Your goal
Return every line below as is, leaving out the pictures.

The data
##############################

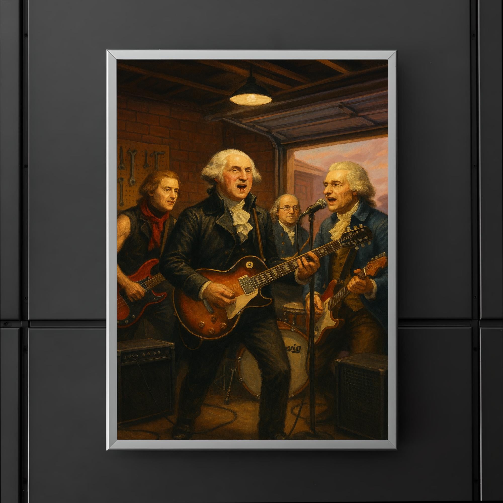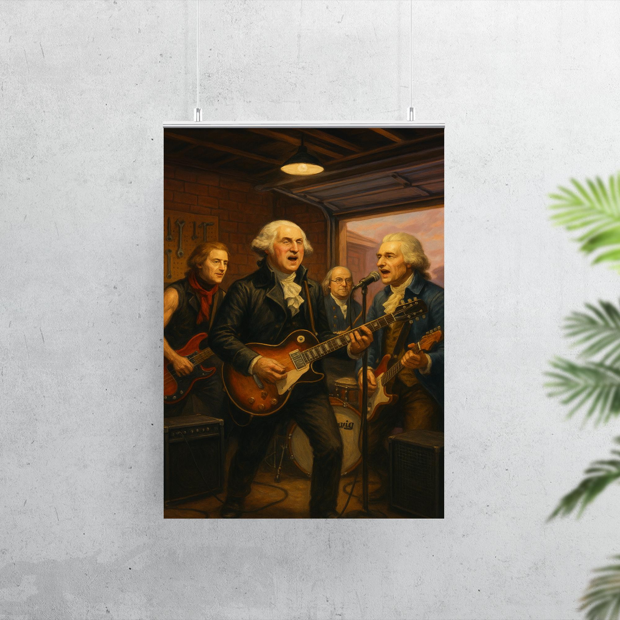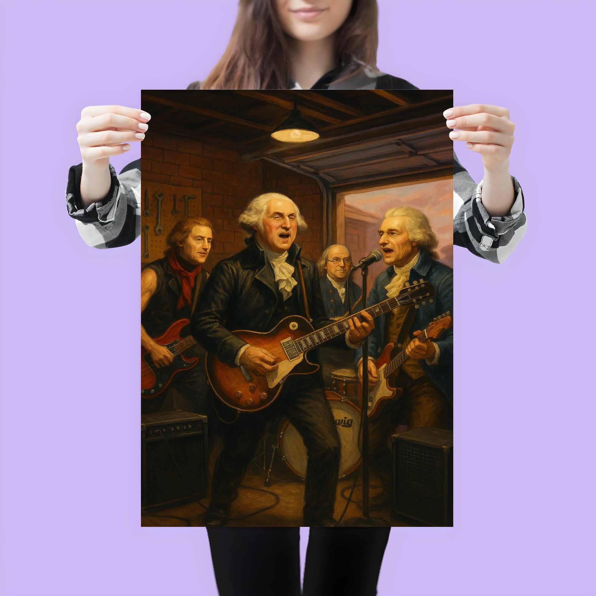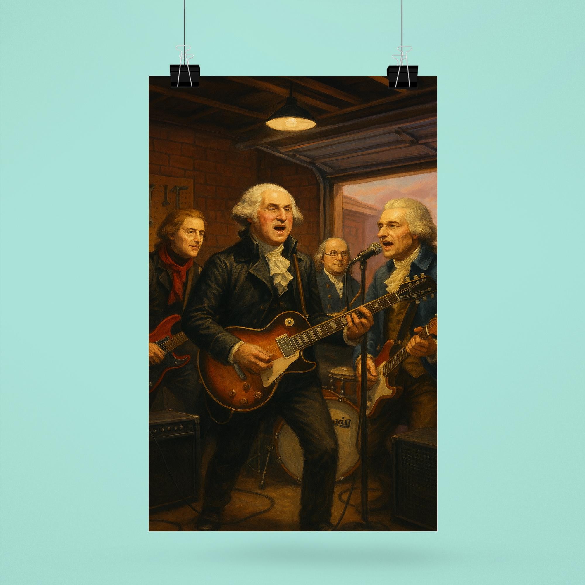Founding Fathers Rock Band Poster Print – Vintage Garage Wall Art for History & Music Lovers, Unique Patriotic Decor, High-Quality Matte Finish
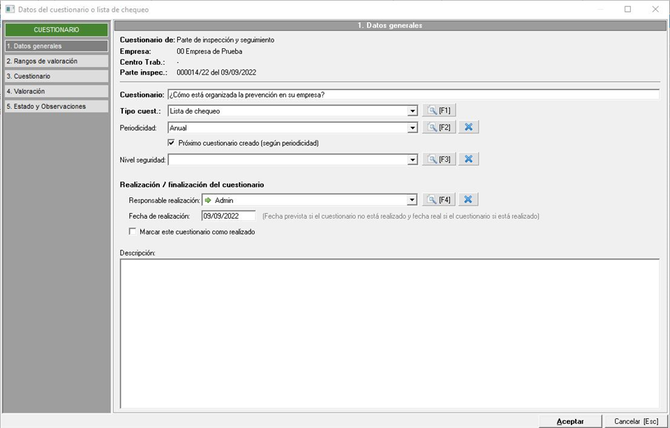 En este apartado encontrarán los datos básicos del cuestionario, algunos de ellos como el nombre y el tipo de cuestionario, la periodicidad o el nivel de seguridad, pueden venir previamente definidos si el cuestionario viene del mantenimiento.
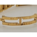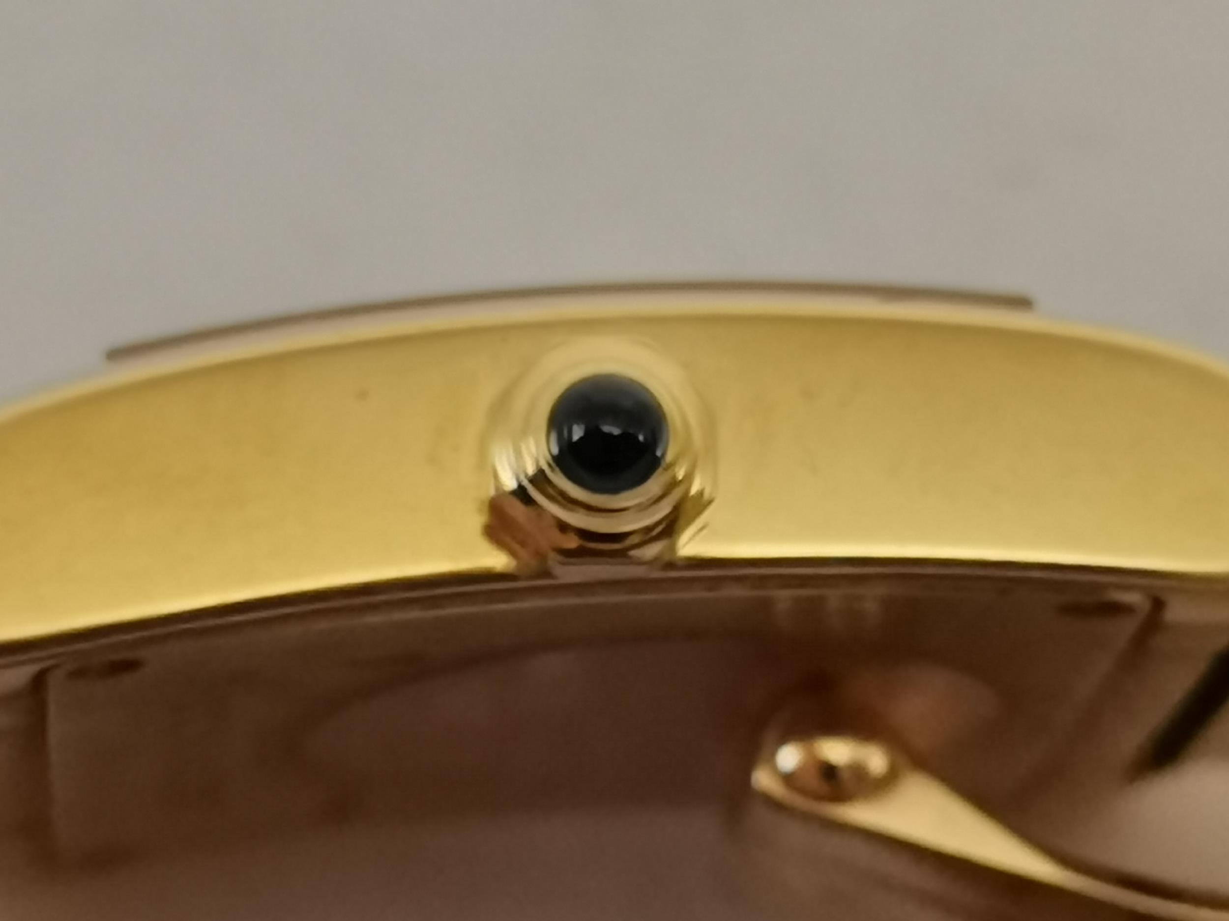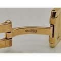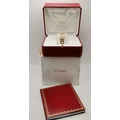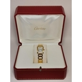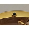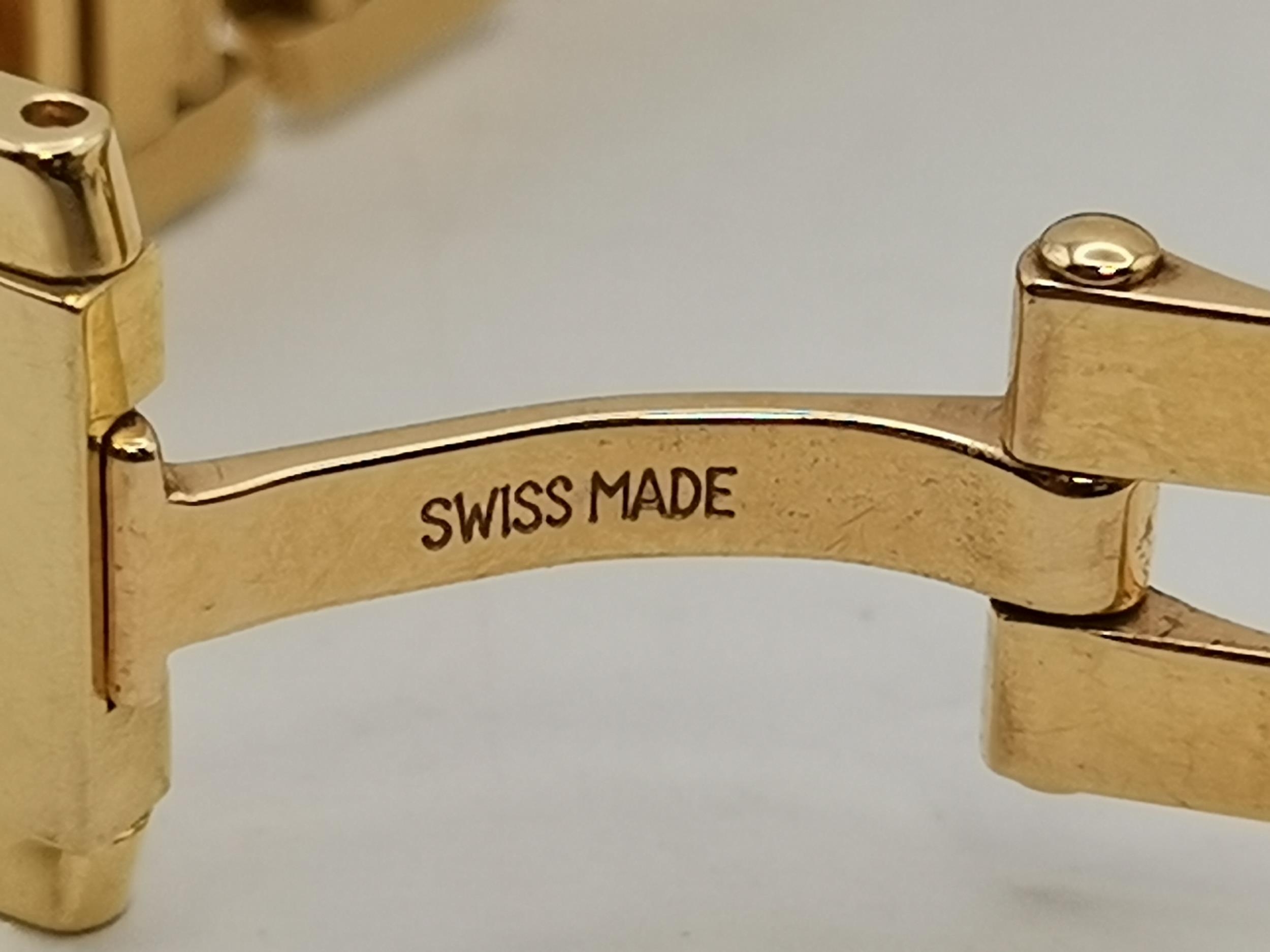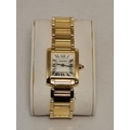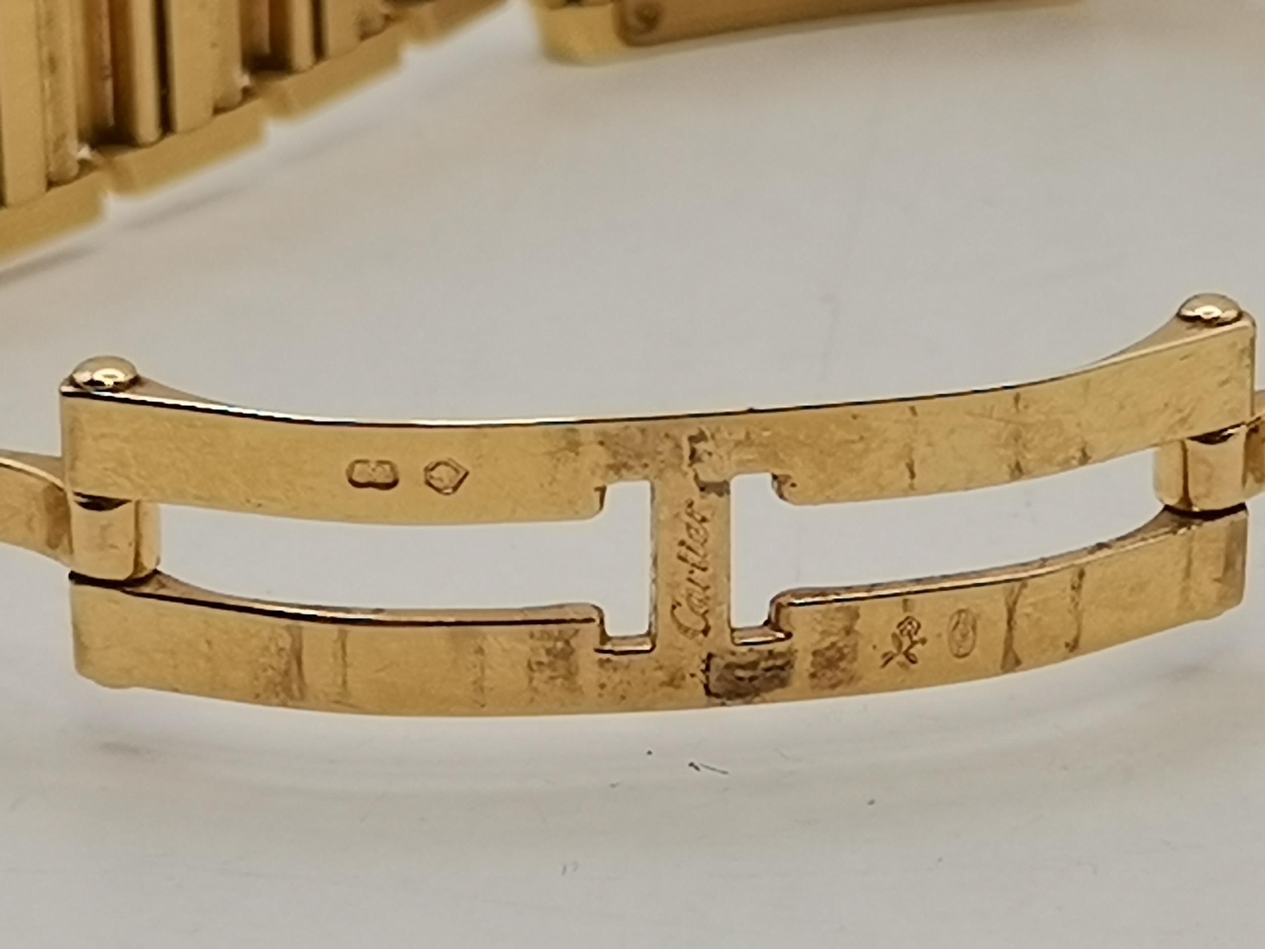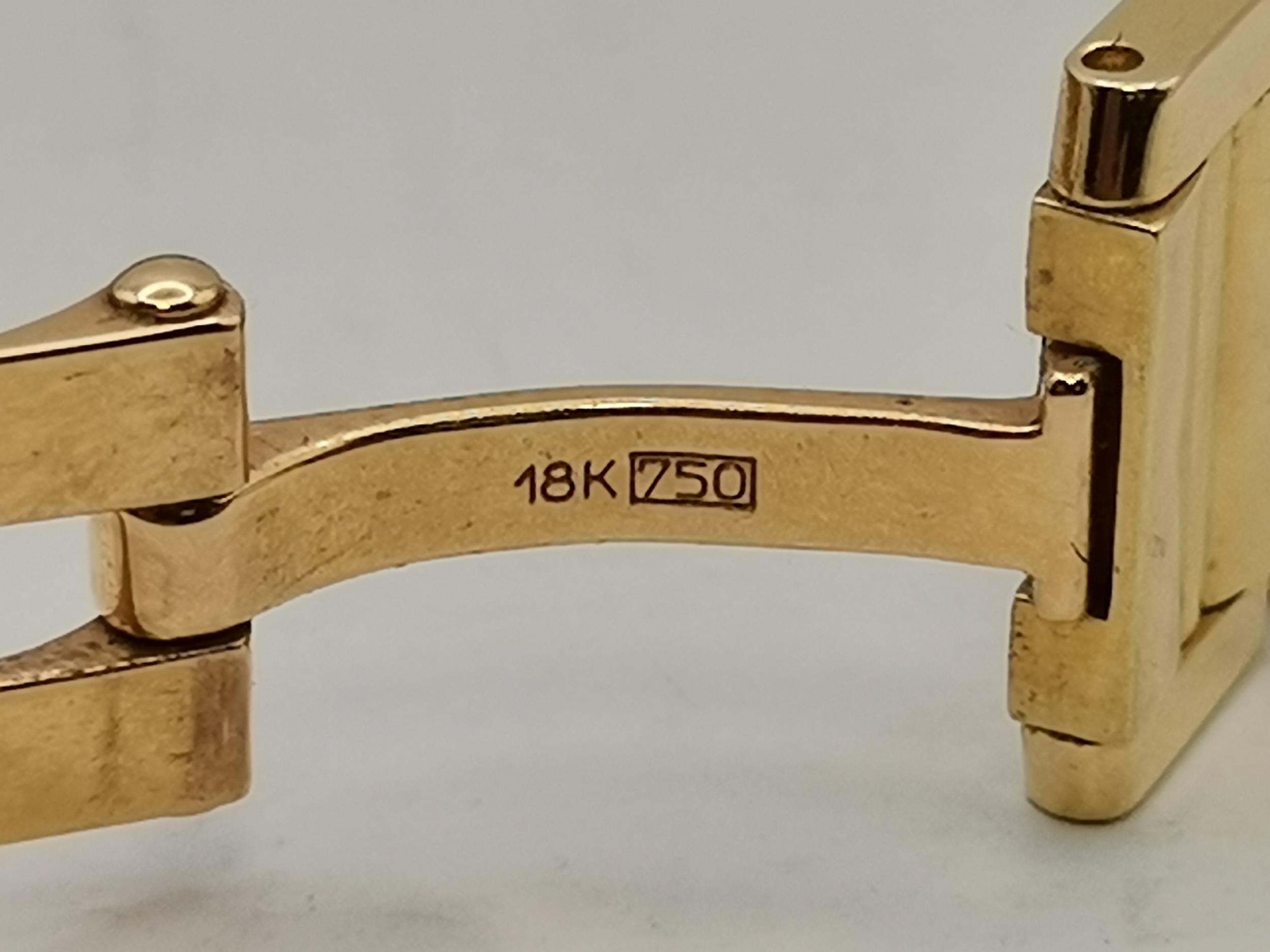 Cartier: A lady's 18 carat gold Tank Française bracelet wristwatch, ref. 2385, the ivory dial signed Cartier, with black Roman numerals and blued steel hands, blue cabochon-set crown, the square case-back with a screw to each corner, signed Cartier and numbered CC586353, with full hallmarks, the original 18 carat gold strap with dual-deployant clasp signed and variously marked with full hallmarks, 750 and 18K, dial 15mm by 14mm, case 20mm wide, 83.6g gross, in original red leather box and outer card box, with information booklet in red leather sleeve, International Certificate of Guarantee, and Replacement Value Certificate from Goldsmiths dated 22/12/2002.

##############################

Response to the exercise
Founding Fathers Rock Band Poster Print – Vintage Garage Wall Art for History & Music Lovers, Unique Patriotic Decor, High-Quality Matte Finish
 En este apartado encontrarán los datos básicos del cuestionario, algunos de ellos como el nombre y el tipo de cuestionario, la periodicidad o el nivel de seguridad, pueden venir previamente definidos si el cuestionario viene del mantenimiento.
 Cartier: A lady's 18 carat gold Tank Française bracelet wristwatch, ref. 2385, the ivory dial signed Cartier, with black Roman numerals and blued steel hands, blue cabochon-set crown, the square case-back with a screw to each corner, signed Cartier and numbered CC586353, with full hallmarks, the original 18 carat gold strap with dual-deployant clasp signed and variously marked with full hallmarks, 750 and 18K, dial 15mm by 14mm, case 20mm wide, 83.6g gross, in original red leather box and outer card box, with information booklet in red leather sleeve, International Certificate of Guarantee, and Replacement Value Certificate from Goldsmiths dated 22/12/2002.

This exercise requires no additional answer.